# Watch out for Willy



## Scott (Aug 29, 2005)

A trap for young players. Never trust Willy weather. Below is a screen shot for a storm bay forecast for next Sunday. According to Willy it will be 6.8 knots where as the more accurate BOM site predicts almost 30 knots by the time you take the 40% stronger gusts into consideration. Add the 1.5 to 2 metre seas and many fishing kayaks or inexperienced paddlers would be either taking a swim or unable to make headway against the wind.


----------



## Guest (Jan 25, 2013)

Comment removed


----------



## kayakone (Dec 7, 2010)

SteveR said:


> I've been misled by willyweather a few times. Had waves/wind turn worse than predicted while out learning to fish the ocean from a beach. Don't interpret the following as argument. That's not the intention.
> 
> This is an extract from http://www.willyweather.com.au/info/ter ... disclaimer
> 
> ...


I disagree Steve on BOM (generally speaking) having "poor forecast data". I believe their reliability in the general forecasts to be very high. It is WillyWeather (include Wind Guru and Seabreeze) who are most likely to inaccurately display data from NOAA and BOM.

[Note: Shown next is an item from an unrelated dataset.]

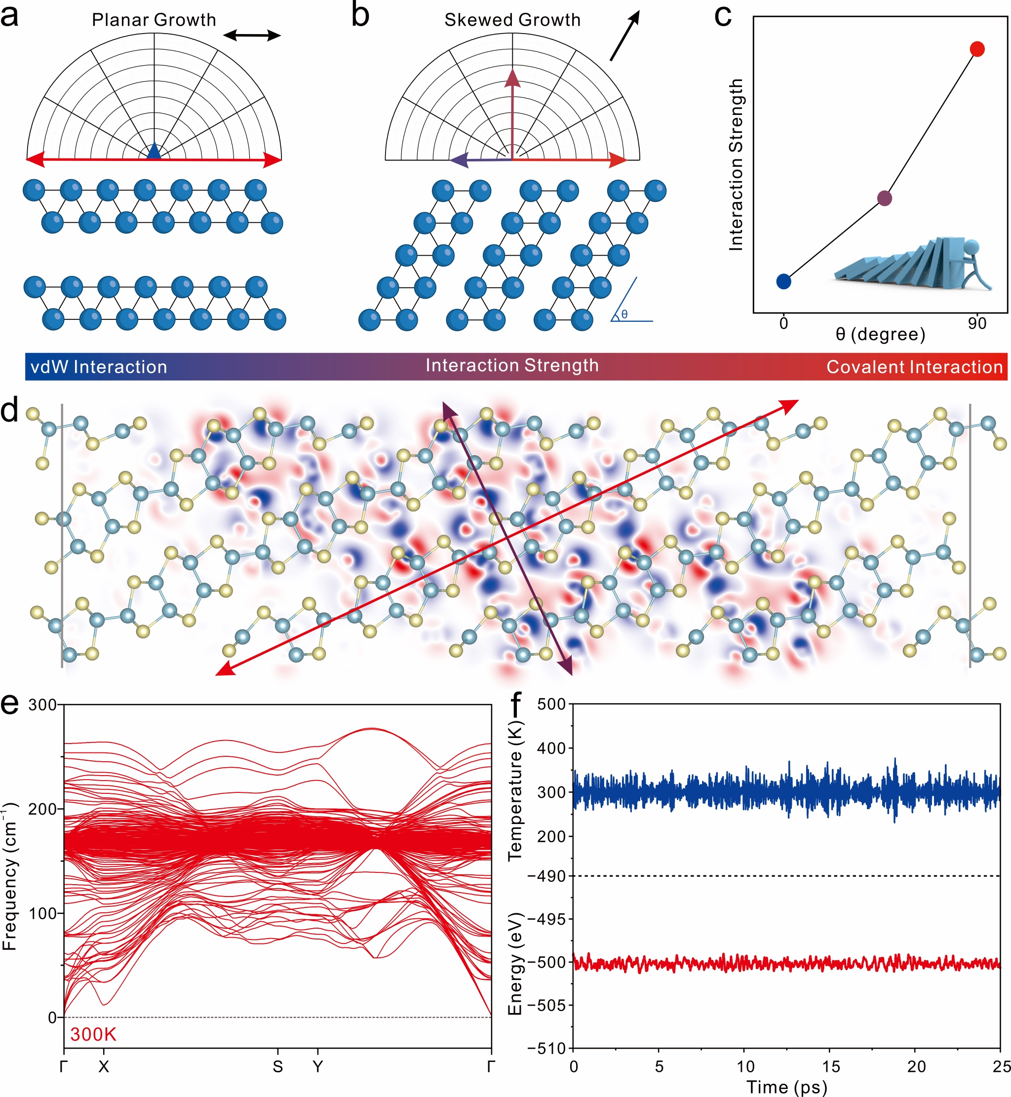 Fig. 1| Interactive-strength-modulation growth strategy and stability of 2D quasi-layered domino-structured gallium telluride (QLDS-GaTe) single crystal. a, Depiction of the interaction and growth orientation of layered GaTe on van der Waals (vdW) substate. b, Illustration of the interaction and growth orientation of QLDS-GaTe on the strong interactive substrate. c, Scheme of skewed angle-related interaction strength perpendicular to the 2D growth plane. d, Calculated contour maps of charge density difference for 2D QLDS-GaTe structure. Electron accumulation (depletion) is shown in red (blue), in accordance with the positive (negative) value below. Yellow atoms refer to Te atoms, and blue atoms refer to Ga atoms. e, Calculated phonon dispersive curves for 2D QLDS-GaTe structure at a temperature of 300 K. f, Temperature and total energy trajectories as derived from molecular dynamics simulations of the 2D QLDS-GaTe structure, conducted at 300 K.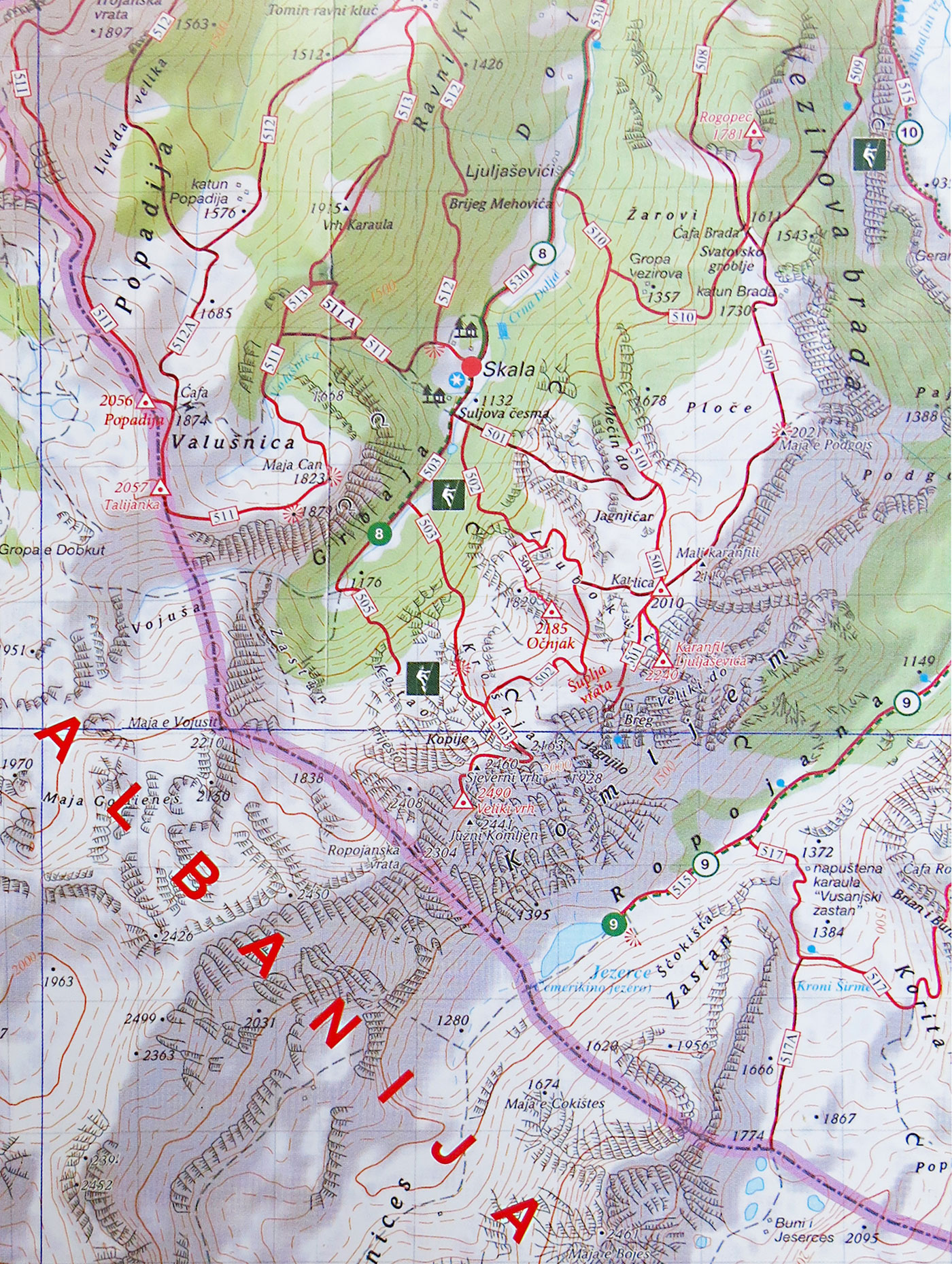 Usporedimo li karte br. 1 i 5, sa kartom br. 7 primjetit ćemo da su nazivi vrhova na albanskom preimenovani, na primjer: Maja Njeri e kriyte 2185 m (Smrznuti čovjek) – nosi alpinistički naziv “Očnjak”, Maja e Balles 2460 m (Balin vrh) – alpinistički naziv “Sjeverni vrh”, Maja Gurte e Zjarmit 2490 m (Vatreni kamen ili Kremeni vrh) – alpinistički naziv “Veliki vrh”, Maja e Keče 2441 m (Zao vrh ili Gadan vrh) – alpinistički naziv “Južni vrh”. Ovo se odnosi i na još neke druge toponime, na primjer: Lugu e Kuq / Ljubokuće, Ćafa e Skrožs / Krošnjin prolaz, Skala / Škala i dr.

BOM has the forecasters and computer modelling to make the forecasts very reliable. Whether this is passed on in a timely matter to the web sites of these private organisations is the question.

Also, it is important to remember, especially with kayaking, and other safety critical areas such as aviation, that a forecast is only a cast forwards. When you get close to launching (takeoff or landing), the critical data is _*observations*_, not forecasts (although the _latest_ forecast is still important for the duration of the planned excursion). It is BOM that has an extensive system of Automatic Weather Stations (AWS) around Australia, and this is very reliable and uptodate data of what is actually happening on the ground/sea/air.

There can be a dangerous mindset, where someone:

1. Is clinging to a forecast that is not the latest available.

2. Has not checked the latest observations for the area (real time data from the closest AWS).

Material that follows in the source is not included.